Karen O'Connor
Karen O’Connor is the Jonathan N. Helfat Distinguished Professor of Political Science at American University, where she previously served as Chair of the Department of Government. She is an expert on American politics, the courts, women and politics, and interest group politics. Along with Larry J. Sabato, she is the author of the best-selling American Politics textbook in the U.S., now in preparation for its 14th edition. Named in 2010 – 2016 by the Irish Times as one of America’s top 100 Irish lawyers (along with Chief Justice Roberts and Associate Justice Anthony Kennedy), O’Connor twice headed the American Political Science Association’s Organized Research Section on Law and Courts. She has also testified before both the House and Senate judiciary committee subcommittees on the Constitution on the issue of reproductive rights, an area in which she has published extensively. She has also briefed various members of Congress on women’s issues including Title IX. She is currently working on a study of presidential electors based on original survey data provided electors in the 2004 – 2016 presidential elections.
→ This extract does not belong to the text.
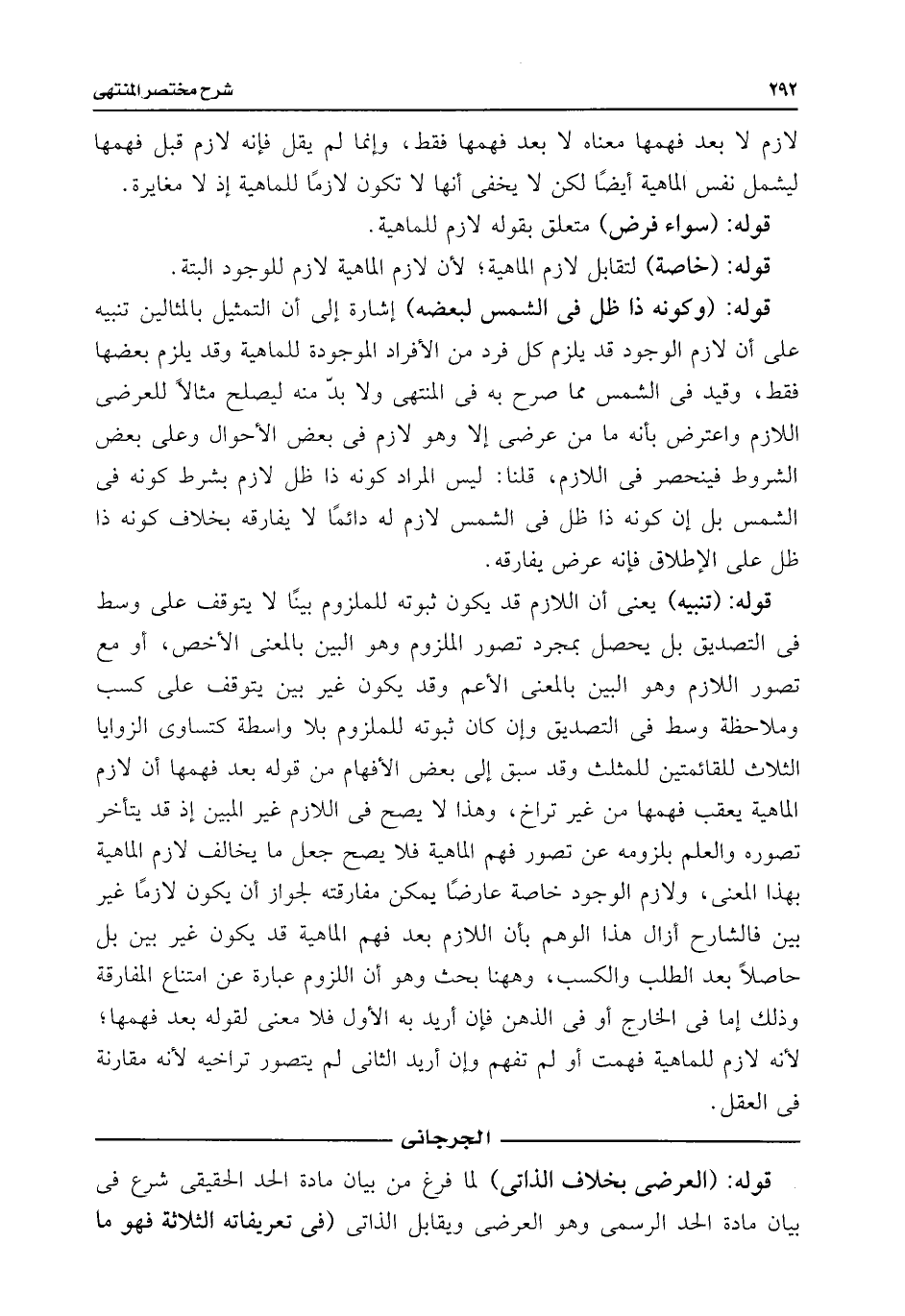قوله: (وكونه ذا ظل فى الشمس لبعضه) إشارة إلى أن التمثيل بالمثالين تنبيه على أن لازم الوجود قد يلزم كل فرد من الأفراد الوجودة للماهية وقد يلزم بعضها فقط، وقيد فى الشمس مما صرح به فى المنتهى ولا بد منه ليصلح مثالًا للعرضى اللازم واعترض بأنه ما من عرضى إلا وهو لازم فى بعض الأحوال وعلى بعض الشروط فينحصر فى اللازم، قلنا: ليس المراد كونه ذا ظل لازم بشرط كونه فى الشمس بل إن كونه ذا ظل فى الشمس لازم له دائمًا لا يفارقه بخلاف كونه ذا ظل على الإطلاق فإنه عرض يفارقه.
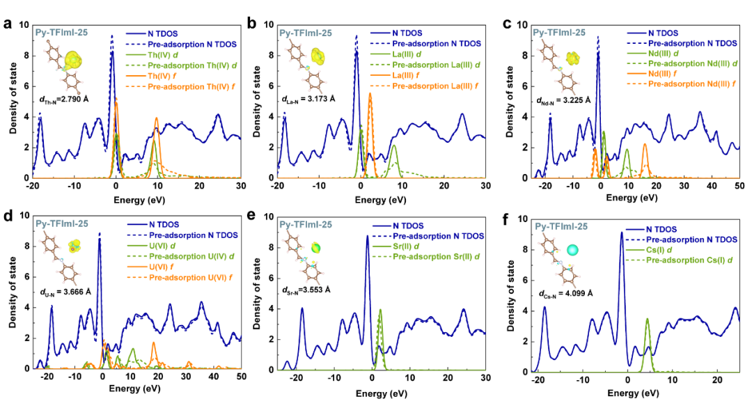 本研究中設計合成的兩種共價有機框架材料在六價鈾、二價鍶、一價銫、三價鑭、三價鐠、三價釹、三價釤、三價銪和三價釓等競爭性離子存在的10元素介質下,均對四價釷表現出高達102-105的分離因子,優于現有文獻報道中的大多數吸附劑。與此同時,團隊進一步開展研究,通過態密度圖和差分電荷分析,發現釷離子和鑭系離子之間的分離原因,是由于錒系元素的5f和6d軌道間的能量差小于鑭系元素4f和5d軌道之間的能量差所致。吸附過程中,水合釷離子中的一個配位水分子被共價有機框架結構中的氮原子取代,形成釷-氮配位鍵。不同氮位點對釷的親和力不同,中性非離子型共價有機框架材料比多種離子型共價有機框架材料的釷離子捕獲能力和速率更為顯著,證明了苯并咪唑氮位點是吸附性能提高的根本原因。

She is the founder and former director of the American University’s Women & Politics Institute, which she headed for eleven years, while also serving six years as editor of Women & Politics and as president of the APSA’s Organized Research section on Women and Politics. Additionally, O’Connor served as president of the national and southern Women’s Caucus for Political Science. O’Connor is the coauthor of the leading textbook on women and politics, now in its 5th edition. She’s been the editor of several books on women and politics, most recently, the two-volume Sage Handbook on Gender and Leadership, which contains more than 100 commissioned chapters on a range of women’s leadership issues from international relations, comparative politics, and American politics. She serves or has served on the editorial boards of several journals including the Journal of Politics and Women, Politics and Policy.
O’Connor is past president of the National Capital Area Political Science Association and the Southern Political Science Association. She has served on convention programs committee for the SPSA, APSA, and NCAPSA several times including chairing the SPSA’s 2000 annual meeting. At Emory University, where she taught from 1977 to 1995, she was the first woman in its history to receive the university-wide teaching award. She has published multiple times with more than 20 former students, who include a member of Congress, several judges, law professors, congressional chiefs of staff, and well-respected political scientists. She was AU’s Scholar/Teacher of the Year in 2002. She has been honored by several associations as most outstanding woman in political science and public administration as well as by the Southern Political Science Association for her contributions to the discipline. A graduate of SUNY Buffalo, where she received a JD and PhD, she was honored in 2010 as the Department of Political Science’s Most Outstanding Graduate, the first graduate student to receive that award.